- **WHAT IS EXPECTED**:
Reproduce exactly the lines from the one containing "PDE de premier plan de Thoun Nord" through the end of the listing, minus the pictures.

- **DATA RECORDS**:
>>>>
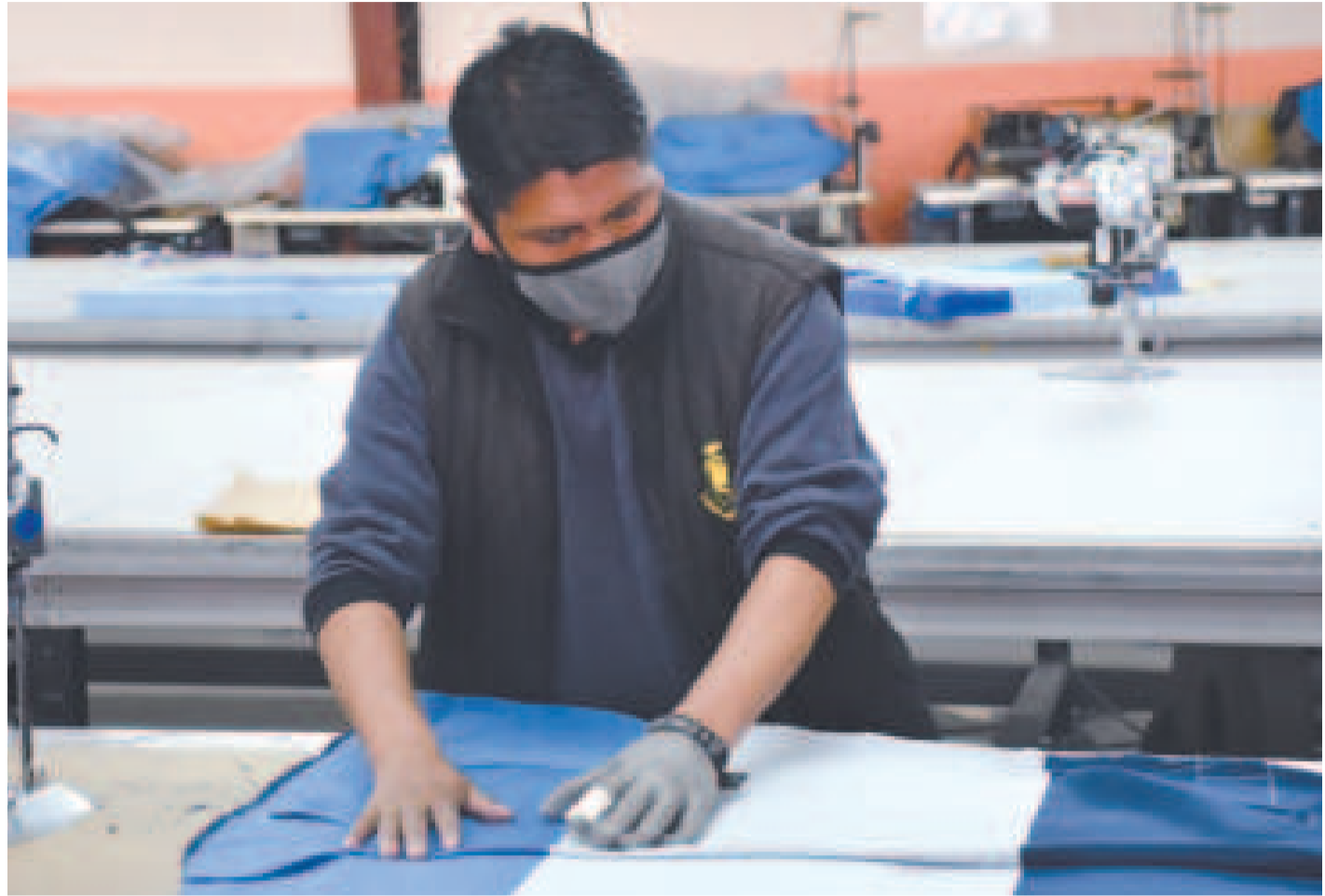
El sector de la micro y pequeña empresa se beneficia de los programas estatales.
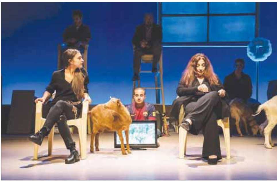
مشهد من المسرحية

الحوان الذي يرخص ذكرى موتاهم؟ تلك الأثمان التي تدفعها المجتمعات لقاء قمع باطش وحرب أهلية تبدو عصية على الفرض. تغمر أكاذيب الحكومة الشبان بفرض رقابة صارمة على الإنترنت والتنصت على الهاتف. ويأخذ المواطنون بأسباب حيازة من البطولة المخطئة بالخدعة والوطنية الزائفة، بطولته تسمى الوافق على الجانب الآخر «إرهايبا» حتى لو كان جارا قطن القرية المجاورة ذات يوم. في شهر يناير (كانون الثاني) 1989 كتب رجل قاد ثورة خطاباً لرجل حاول ردم الثورة تحت التراب قال فيه: «السيد غورباتشوف، لا بد من مجابهة الواقع»، ولجابهته بفرض المجتمع النائم مرتابين تقودهم ايدولوجيا مخالفة. حين يواسي مندوب النظام الناجين معيدا تفسير ارتجادي الحرب على هواء، يشكك فوراس الأب الحكوم في الرواية الرسمية. من المعتدي ومن المعتدى عليه؟ كيف مات فلذات الأيكاد؟ فلنتكشف الأكلان إذن عما يحويها!
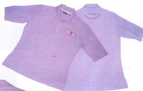
สุภาพสตรี
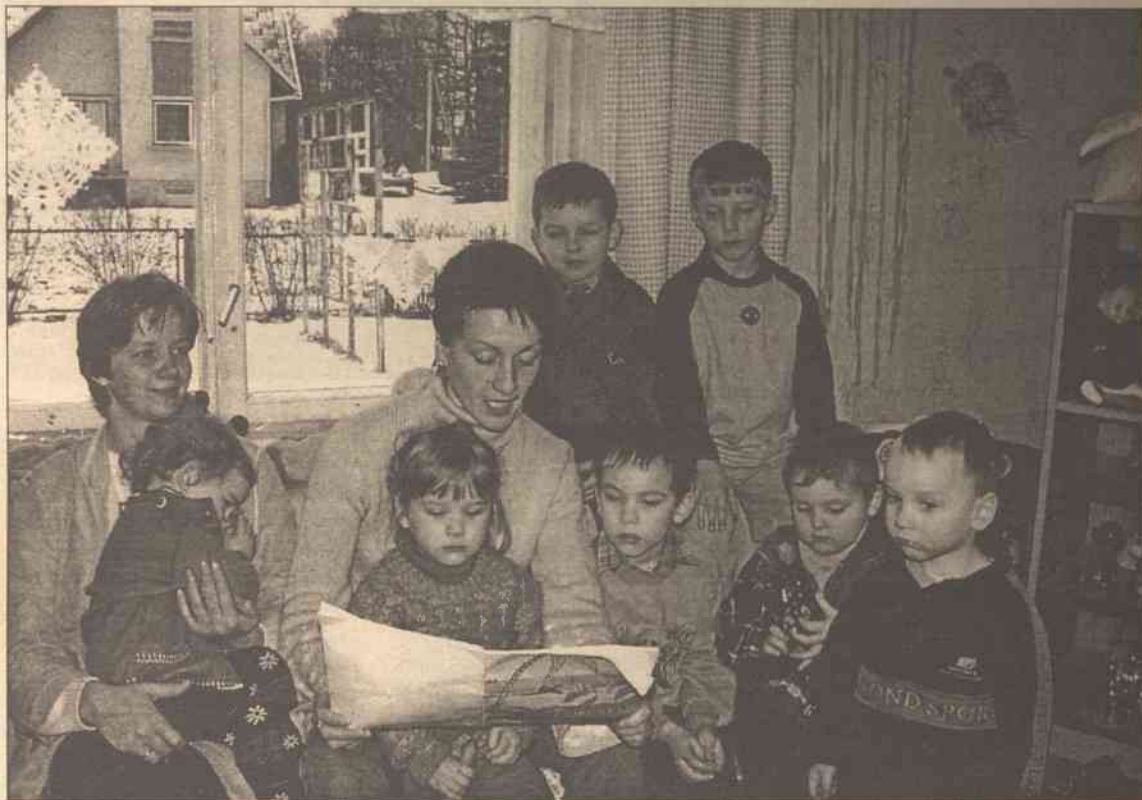
Wszystkie dzieci lubią bajki

stąpiliśmy próg przedszkola, właśnie poznawali kolejne przygody Robinsona.
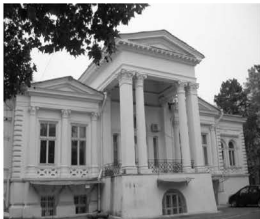
Рис. 11 Дача Ашкенази, 1901 г., арх. В. И. Прохаска.
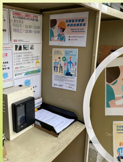
工地張貼了海報，呼籲工作人員接種新冠疫苗。

除了從根源著手處理蚊蟲問題，承辦商也會邀請專業滅蟲公司到場噴灑滅蚊油及放置防蚊沙等，次數為每星期兩次；如有需要的話，更可增加相關次數。
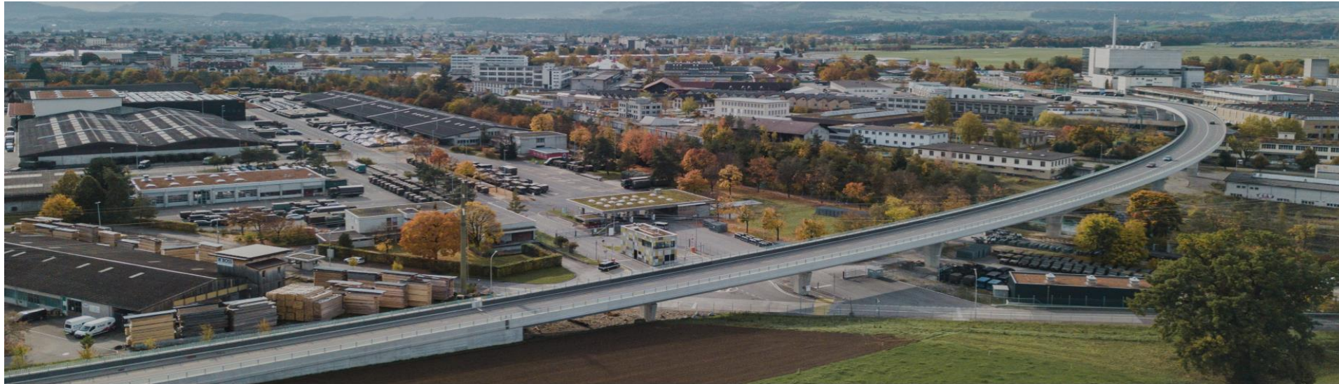
PDE de premier plan de Thoun Nord
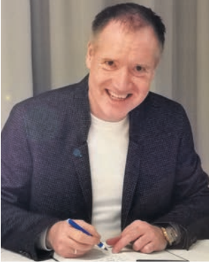
Von Michael Hauke

Als ich mit Beginn der „Pandemie“ anfang, die offiziellen Zahlen zu recherchieren, stellte sich eines von Anfang an glasklar heraus: Es war alles genau andersherum, als Politik und Mainstream-Medien unisono verkündeten. Es stimmte einfach nichts. Das waren keine Versessen, das waren berechnende Lügen, Fälschungen und Täuschungen, die täglich wiederholt wurden, so dass sie einer Gehirnwäsche gleichkamen. In jedem RKI-Wochenbericht, beim DIVI-Intensivregister, aber auch in offiziellen Studien und beim Bundesgesundheitsministerium selbst stand das Gegenteil von dem, was tagtäglich an Angstmake verbreitet wurde. Aktuell belegen das noch einmal die freigelegten RKI-Protokolle (z.B.: „Bei Corona versterben weniger Menschen als bei jeder normalen Influenzawelle!“)
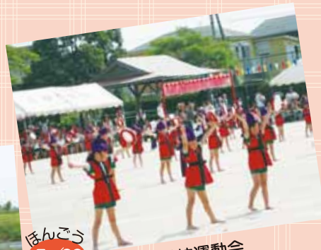
本郷小学校運動会 沖縄伝統芸能「エイサー」を 元気いっぱい踊りました
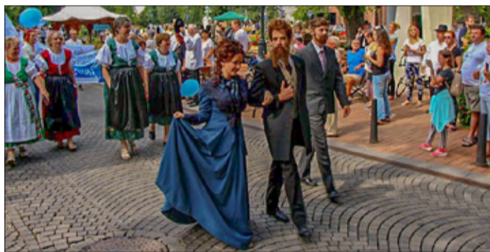
Munkácsy és felesége, valamint Stark Adolf a téren
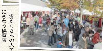
⑥たくさんの方でにぎわう模擬店
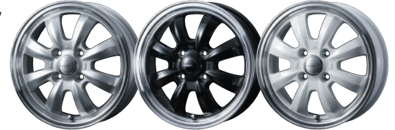
SILVER/RIM POLISH BLACK/RIM POLISH WHITE/RIM POLISH
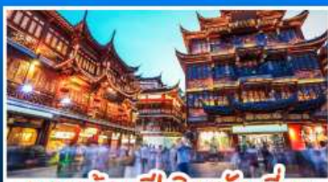
ตลาคดร้อยปีหญิงหวังเมี่ยว
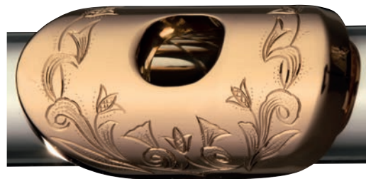
Gravur Typ A
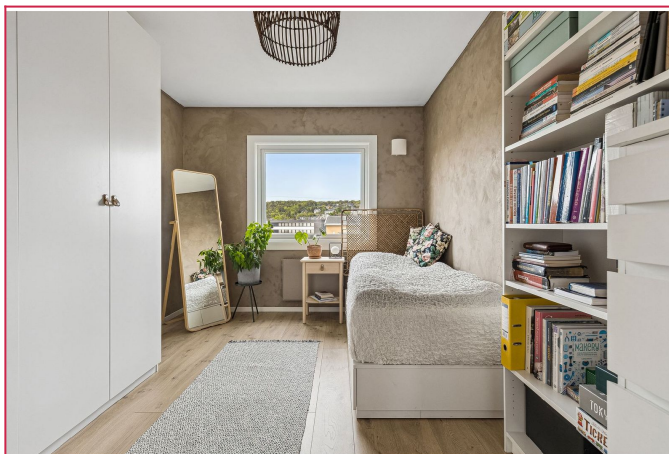
Innbydene soverom med plass til dobbeltseng. Seng medfølger ikke.
<<<<
- **RESULT OF THIS TASK**:
PDE de premier plan de Thoun Nord
Von Michael Hauke

Als ich mit Beginn der „Pandemie“ anfang, die offiziellen Zahlen zu recherchieren, stellte sich eines von Anfang an glasklar heraus: Es war alles genau andersherum, als Politik und Mainstream-Medien unisono verkündeten. Es stimmte einfach nichts. Das waren keine Versessen, das waren berechnende Lügen, Fälschungen und Täuschungen, die täglich wiederholt wurden, so dass sie einer Gehirnwäsche gleichkamen. In jedem RKI-Wochenbericht, beim DIVI-Intensivregister, aber auch in offiziellen Studien und beim Bundesgesundheitsministerium selbst stand das Gegenteil von dem, was tagtäglich an Angstmake verbreitet wurde. Aktuell belegen das noch einmal die freigelegten RKI-Protokolle (z.B.: „Bei Corona versterben weniger Menschen als bei jeder normalen Influenzawelle!“)
本郷小学校運動会 沖縄伝統芸能「エイサー」を 元気いっぱい踊りました
Munkácsy és felesége, valamint Stark Adolf a téren
⑥たくさんの方でにぎわう模擬店
SILVER/RIM POLISH BLACK/RIM POLISH WHITE/RIM POLISH
ตลาคดร้อยปีหญิงหวังเมี่ยว
Gravur Typ A
Innbydene soverom med plass til dobbeltseng. Seng medfølger ikke.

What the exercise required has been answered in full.